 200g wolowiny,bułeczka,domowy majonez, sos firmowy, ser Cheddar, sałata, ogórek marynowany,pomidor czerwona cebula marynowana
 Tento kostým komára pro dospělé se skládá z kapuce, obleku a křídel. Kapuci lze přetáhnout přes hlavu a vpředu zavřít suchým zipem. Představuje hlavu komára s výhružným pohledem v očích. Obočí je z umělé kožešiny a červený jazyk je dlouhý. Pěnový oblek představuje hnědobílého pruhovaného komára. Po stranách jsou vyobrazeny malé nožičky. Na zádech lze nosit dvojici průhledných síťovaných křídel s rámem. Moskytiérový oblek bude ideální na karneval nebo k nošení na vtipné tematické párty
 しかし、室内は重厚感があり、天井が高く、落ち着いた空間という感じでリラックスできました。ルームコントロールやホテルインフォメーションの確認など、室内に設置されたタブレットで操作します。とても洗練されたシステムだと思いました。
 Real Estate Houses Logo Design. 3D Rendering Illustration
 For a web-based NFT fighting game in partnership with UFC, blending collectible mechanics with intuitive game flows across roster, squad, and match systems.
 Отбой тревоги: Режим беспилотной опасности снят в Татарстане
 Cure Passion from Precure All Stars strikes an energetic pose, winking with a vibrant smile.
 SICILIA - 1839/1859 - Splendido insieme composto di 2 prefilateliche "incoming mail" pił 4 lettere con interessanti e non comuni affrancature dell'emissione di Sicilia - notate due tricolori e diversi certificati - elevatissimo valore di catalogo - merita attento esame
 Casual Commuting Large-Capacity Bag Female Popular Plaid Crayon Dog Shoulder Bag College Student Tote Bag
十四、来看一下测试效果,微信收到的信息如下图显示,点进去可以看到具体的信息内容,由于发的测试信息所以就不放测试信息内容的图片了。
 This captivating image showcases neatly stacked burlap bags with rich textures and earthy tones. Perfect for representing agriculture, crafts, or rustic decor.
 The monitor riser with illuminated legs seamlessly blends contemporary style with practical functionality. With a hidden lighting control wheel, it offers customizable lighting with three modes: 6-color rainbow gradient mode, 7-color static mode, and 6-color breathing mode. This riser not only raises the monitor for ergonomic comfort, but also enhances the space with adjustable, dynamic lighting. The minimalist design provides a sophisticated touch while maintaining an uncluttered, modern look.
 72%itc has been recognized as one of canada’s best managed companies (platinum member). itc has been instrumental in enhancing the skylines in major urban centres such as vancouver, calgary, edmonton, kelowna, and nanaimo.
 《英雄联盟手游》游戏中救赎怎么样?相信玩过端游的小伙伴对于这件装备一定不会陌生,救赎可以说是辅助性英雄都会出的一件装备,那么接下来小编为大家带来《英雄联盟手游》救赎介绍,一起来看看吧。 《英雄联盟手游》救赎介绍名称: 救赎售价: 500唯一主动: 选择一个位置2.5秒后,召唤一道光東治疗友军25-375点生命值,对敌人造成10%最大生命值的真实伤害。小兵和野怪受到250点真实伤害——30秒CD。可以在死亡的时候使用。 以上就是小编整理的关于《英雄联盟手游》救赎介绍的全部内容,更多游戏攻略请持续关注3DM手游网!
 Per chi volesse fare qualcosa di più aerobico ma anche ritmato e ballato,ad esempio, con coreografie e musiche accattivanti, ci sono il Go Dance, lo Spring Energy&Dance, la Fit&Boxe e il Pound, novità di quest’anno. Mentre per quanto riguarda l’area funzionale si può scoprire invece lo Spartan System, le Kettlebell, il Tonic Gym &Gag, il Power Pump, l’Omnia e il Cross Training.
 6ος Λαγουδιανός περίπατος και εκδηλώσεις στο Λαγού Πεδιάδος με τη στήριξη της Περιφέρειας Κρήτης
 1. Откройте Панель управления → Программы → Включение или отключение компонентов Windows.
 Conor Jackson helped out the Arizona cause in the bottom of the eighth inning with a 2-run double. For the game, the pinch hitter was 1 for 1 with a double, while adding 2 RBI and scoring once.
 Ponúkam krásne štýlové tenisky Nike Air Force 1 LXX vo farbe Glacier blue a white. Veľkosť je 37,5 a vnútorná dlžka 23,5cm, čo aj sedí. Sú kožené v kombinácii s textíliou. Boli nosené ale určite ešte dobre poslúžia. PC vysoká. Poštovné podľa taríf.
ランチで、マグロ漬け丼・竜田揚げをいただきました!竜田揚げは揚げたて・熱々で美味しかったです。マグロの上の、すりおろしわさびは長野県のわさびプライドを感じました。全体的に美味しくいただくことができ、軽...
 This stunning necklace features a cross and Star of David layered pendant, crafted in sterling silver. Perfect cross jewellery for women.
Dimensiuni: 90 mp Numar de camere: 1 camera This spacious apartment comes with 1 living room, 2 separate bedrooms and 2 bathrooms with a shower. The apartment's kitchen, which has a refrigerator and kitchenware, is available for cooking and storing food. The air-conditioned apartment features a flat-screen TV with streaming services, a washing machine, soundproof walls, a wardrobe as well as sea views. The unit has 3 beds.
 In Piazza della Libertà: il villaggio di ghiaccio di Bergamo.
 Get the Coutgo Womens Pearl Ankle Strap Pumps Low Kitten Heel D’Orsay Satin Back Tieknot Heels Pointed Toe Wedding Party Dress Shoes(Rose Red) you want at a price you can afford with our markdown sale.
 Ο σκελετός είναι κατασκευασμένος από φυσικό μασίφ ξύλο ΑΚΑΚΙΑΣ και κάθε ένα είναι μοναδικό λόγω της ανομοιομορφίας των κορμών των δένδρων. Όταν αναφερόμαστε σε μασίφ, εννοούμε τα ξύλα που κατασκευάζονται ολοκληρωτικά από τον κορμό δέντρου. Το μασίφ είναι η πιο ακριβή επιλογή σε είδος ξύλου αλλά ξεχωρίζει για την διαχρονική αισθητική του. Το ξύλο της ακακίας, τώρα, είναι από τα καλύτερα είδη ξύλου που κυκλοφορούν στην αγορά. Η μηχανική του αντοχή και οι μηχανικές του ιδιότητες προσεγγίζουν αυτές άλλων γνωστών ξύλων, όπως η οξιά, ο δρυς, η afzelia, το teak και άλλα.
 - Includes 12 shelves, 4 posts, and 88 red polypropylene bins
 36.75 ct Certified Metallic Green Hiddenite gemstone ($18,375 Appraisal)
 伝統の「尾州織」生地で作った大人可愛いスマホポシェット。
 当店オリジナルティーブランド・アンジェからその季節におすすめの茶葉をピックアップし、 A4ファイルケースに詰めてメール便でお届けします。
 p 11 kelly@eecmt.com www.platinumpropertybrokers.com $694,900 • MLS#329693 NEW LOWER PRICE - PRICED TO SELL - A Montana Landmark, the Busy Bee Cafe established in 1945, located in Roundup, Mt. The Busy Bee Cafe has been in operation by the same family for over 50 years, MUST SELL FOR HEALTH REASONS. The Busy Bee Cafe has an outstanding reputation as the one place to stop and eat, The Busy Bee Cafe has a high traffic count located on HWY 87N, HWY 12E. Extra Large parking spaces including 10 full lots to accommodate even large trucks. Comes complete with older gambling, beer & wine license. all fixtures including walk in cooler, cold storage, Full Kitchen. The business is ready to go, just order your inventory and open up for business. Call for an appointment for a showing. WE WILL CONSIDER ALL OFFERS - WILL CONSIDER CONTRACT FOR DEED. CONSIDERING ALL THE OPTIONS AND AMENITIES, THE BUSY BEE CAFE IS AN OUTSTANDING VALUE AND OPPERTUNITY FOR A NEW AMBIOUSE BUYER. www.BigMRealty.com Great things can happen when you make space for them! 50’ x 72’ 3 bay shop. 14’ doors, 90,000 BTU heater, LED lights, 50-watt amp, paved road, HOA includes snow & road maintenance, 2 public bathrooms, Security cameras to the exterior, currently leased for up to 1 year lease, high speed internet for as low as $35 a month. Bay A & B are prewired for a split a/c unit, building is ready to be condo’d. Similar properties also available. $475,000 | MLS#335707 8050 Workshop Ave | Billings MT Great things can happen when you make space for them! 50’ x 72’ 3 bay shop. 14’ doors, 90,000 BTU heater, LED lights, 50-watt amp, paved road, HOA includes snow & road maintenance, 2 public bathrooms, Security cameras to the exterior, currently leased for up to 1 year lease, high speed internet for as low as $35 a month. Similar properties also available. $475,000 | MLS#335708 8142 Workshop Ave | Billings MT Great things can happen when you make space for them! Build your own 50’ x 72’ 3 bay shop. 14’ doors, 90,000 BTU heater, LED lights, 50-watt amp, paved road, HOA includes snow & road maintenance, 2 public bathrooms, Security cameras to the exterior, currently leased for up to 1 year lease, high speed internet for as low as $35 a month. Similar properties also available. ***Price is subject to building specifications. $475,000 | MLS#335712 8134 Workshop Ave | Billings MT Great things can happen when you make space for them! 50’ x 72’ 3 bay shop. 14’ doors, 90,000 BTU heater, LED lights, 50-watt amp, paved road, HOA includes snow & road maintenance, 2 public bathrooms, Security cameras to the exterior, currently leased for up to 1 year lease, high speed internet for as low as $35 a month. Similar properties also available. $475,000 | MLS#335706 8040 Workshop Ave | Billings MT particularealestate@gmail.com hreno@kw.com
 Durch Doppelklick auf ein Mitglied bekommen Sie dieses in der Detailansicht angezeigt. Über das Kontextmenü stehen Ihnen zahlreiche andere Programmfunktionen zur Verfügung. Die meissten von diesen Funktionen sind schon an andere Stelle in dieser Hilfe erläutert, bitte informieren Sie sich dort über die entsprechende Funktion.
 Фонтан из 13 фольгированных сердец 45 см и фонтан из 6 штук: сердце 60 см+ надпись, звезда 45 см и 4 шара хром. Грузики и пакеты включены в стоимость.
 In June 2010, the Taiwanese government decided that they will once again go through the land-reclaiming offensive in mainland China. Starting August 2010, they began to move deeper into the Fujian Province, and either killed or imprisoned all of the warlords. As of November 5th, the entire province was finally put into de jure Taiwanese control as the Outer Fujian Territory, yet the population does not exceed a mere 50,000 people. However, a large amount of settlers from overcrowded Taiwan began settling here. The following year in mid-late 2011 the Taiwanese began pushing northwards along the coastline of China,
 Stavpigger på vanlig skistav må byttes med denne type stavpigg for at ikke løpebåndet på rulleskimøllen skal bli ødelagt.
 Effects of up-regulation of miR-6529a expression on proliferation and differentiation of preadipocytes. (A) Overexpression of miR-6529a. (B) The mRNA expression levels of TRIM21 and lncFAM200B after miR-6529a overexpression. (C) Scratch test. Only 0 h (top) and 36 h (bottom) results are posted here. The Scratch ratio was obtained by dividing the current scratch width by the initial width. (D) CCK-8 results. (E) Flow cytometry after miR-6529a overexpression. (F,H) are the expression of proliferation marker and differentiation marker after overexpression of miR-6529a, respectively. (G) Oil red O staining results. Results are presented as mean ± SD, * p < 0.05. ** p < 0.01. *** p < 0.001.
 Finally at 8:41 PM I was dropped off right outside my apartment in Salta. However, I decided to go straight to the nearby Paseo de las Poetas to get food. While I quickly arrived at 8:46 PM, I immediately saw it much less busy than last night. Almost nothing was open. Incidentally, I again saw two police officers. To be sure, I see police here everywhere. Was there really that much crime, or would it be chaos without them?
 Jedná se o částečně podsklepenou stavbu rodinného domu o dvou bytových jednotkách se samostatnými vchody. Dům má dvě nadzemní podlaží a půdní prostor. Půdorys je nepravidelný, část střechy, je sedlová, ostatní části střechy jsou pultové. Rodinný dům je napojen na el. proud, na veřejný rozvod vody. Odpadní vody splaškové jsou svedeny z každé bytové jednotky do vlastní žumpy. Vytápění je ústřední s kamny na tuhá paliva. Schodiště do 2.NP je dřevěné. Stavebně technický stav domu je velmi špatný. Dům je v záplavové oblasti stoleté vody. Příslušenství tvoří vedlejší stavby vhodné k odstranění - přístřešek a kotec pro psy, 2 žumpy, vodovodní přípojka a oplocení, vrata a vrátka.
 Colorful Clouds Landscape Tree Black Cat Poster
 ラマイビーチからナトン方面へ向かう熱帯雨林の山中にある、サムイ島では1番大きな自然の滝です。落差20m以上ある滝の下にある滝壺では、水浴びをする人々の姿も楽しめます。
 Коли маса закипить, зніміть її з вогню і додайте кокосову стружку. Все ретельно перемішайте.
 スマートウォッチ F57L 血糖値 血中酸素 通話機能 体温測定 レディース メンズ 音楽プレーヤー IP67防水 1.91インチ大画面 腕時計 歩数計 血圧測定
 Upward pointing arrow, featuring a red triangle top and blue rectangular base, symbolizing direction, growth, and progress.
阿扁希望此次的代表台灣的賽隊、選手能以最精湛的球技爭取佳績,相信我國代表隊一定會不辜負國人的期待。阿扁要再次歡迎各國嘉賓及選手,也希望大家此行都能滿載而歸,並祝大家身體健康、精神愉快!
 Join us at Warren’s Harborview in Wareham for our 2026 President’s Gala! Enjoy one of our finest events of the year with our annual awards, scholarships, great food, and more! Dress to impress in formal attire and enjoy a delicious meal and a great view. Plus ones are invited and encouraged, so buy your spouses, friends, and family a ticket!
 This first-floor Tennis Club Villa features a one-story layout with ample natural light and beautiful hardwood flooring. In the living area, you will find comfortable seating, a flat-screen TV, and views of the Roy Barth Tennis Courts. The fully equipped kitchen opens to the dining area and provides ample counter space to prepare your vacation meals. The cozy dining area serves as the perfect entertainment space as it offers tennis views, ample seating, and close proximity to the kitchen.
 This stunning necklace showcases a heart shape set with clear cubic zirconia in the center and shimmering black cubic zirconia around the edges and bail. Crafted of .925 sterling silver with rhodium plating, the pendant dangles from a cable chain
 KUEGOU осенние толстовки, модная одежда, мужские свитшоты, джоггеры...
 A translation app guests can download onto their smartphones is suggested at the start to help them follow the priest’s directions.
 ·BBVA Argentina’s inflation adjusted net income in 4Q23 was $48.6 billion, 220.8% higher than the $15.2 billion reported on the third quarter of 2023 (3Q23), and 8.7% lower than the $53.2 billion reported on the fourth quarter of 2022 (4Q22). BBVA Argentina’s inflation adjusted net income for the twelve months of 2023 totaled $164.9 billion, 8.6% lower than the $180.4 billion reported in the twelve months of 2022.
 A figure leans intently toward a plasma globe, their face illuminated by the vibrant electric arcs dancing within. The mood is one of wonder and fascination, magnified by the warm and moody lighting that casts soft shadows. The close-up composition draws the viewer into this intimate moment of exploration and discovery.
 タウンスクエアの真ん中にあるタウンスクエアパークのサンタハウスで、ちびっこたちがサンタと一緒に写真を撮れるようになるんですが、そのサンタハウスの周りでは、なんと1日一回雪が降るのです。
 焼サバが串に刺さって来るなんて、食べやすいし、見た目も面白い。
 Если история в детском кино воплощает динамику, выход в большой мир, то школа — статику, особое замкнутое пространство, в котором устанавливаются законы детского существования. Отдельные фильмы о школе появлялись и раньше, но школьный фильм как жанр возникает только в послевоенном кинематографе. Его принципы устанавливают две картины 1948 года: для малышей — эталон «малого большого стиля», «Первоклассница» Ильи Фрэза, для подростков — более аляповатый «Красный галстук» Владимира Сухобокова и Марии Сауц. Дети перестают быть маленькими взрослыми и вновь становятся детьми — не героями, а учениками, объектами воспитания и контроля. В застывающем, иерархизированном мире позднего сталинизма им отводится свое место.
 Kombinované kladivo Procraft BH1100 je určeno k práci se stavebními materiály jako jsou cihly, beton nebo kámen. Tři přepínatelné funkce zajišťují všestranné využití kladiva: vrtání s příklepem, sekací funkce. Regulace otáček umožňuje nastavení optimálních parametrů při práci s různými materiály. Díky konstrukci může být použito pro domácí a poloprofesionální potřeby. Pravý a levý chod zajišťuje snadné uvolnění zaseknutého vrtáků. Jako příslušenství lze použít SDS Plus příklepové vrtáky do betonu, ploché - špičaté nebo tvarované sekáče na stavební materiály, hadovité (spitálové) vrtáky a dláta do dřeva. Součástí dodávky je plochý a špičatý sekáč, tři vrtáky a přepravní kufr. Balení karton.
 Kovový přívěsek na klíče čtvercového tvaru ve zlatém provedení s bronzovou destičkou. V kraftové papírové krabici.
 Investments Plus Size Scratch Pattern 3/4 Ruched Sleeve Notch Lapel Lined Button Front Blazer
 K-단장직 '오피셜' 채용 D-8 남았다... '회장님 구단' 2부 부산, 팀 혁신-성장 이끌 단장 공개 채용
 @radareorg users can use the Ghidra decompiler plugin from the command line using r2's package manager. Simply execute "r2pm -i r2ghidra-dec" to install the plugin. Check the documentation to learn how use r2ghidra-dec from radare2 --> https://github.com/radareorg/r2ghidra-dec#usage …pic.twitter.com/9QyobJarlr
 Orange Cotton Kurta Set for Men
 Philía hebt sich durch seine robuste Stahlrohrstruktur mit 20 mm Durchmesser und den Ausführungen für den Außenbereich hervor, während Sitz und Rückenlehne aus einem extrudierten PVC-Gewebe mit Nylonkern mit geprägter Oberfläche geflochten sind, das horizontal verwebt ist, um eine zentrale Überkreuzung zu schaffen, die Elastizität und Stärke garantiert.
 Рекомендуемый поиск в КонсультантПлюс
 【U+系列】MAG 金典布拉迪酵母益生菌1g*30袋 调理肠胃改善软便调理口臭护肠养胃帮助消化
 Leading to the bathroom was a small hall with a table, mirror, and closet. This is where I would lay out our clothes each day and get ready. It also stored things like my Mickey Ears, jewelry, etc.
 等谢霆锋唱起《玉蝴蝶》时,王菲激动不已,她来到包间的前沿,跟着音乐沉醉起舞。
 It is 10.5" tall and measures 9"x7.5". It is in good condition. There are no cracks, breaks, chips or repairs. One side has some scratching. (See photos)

----------------------------------------

■ Work to be completed ■
Of the lines above, retype only those from the line containing "タウンスクエアの真ん中にある" through the line containing "users can use", including both, exactly.

■ Answer space ■
 タウンスクエアの真ん中にあるタウンスクエアパークのサンタハウスで、ちびっこたちがサンタと一緒に写真を撮れるようになるんですが、そのサンタハウスの周りでは、なんと1日一回雪が降るのです。
 焼サバが串に刺さって来るなんて、食べやすいし、見た目も面白い。
 Если история в детском кино воплощает динамику, выход в большой мир, то школа — статику, особое замкнутое пространство, в котором устанавливаются законы детского существования. Отдельные фильмы о школе появлялись и раньше, но школьный фильм как жанр возникает только в послевоенном кинематографе. Его принципы устанавливают две картины 1948 года: для малышей — эталон «малого большого стиля», «Первоклассница» Ильи Фрэза, для подростков — более аляповатый «Красный галстук» Владимира Сухобокова и Марии Сауц. Дети перестают быть маленькими взрослыми и вновь становятся детьми — не героями, а учениками, объектами воспитания и контроля. В застывающем, иерархизированном мире позднего сталинизма им отводится свое место.
 Kombinované kladivo Procraft BH1100 je určeno k práci se stavebními materiály jako jsou cihly, beton nebo kámen. Tři přepínatelné funkce zajišťují všestranné využití kladiva: vrtání s příklepem, sekací funkce. Regulace otáček umožňuje nastavení optimálních parametrů při práci s různými materiály. Díky konstrukci může být použito pro domácí a poloprofesionální potřeby. Pravý a levý chod zajišťuje snadné uvolnění zaseknutého vrtáků. Jako příslušenství lze použít SDS Plus příklepové vrtáky do betonu, ploché - špičaté nebo tvarované sekáče na stavební materiály, hadovité (spitálové) vrtáky a dláta do dřeva. Součástí dodávky je plochý a špičatý sekáč, tři vrtáky a přepravní kufr. Balení karton.
 Kovový přívěsek na klíče čtvercového tvaru ve zlatém provedení s bronzovou destičkou. V kraftové papírové krabici.
 Investments Plus Size Scratch Pattern 3/4 Ruched Sleeve Notch Lapel Lined Button Front Blazer
 K-단장직 '오피셜' 채용 D-8 남았다... '회장님 구단' 2부 부산, 팀 혁신-성장 이끌 단장 공개 채용
 @radareorg users can use the Ghidra decompiler plugin from the command line using r2's package manager. Simply execute "r2pm -i r2ghidra-dec" to install the plugin. Check the documentation to learn how use r2ghidra-dec from radare2 --> https://github.com/radareorg/r2ghidra-dec#usage …pic.twitter.com/9QyobJarlr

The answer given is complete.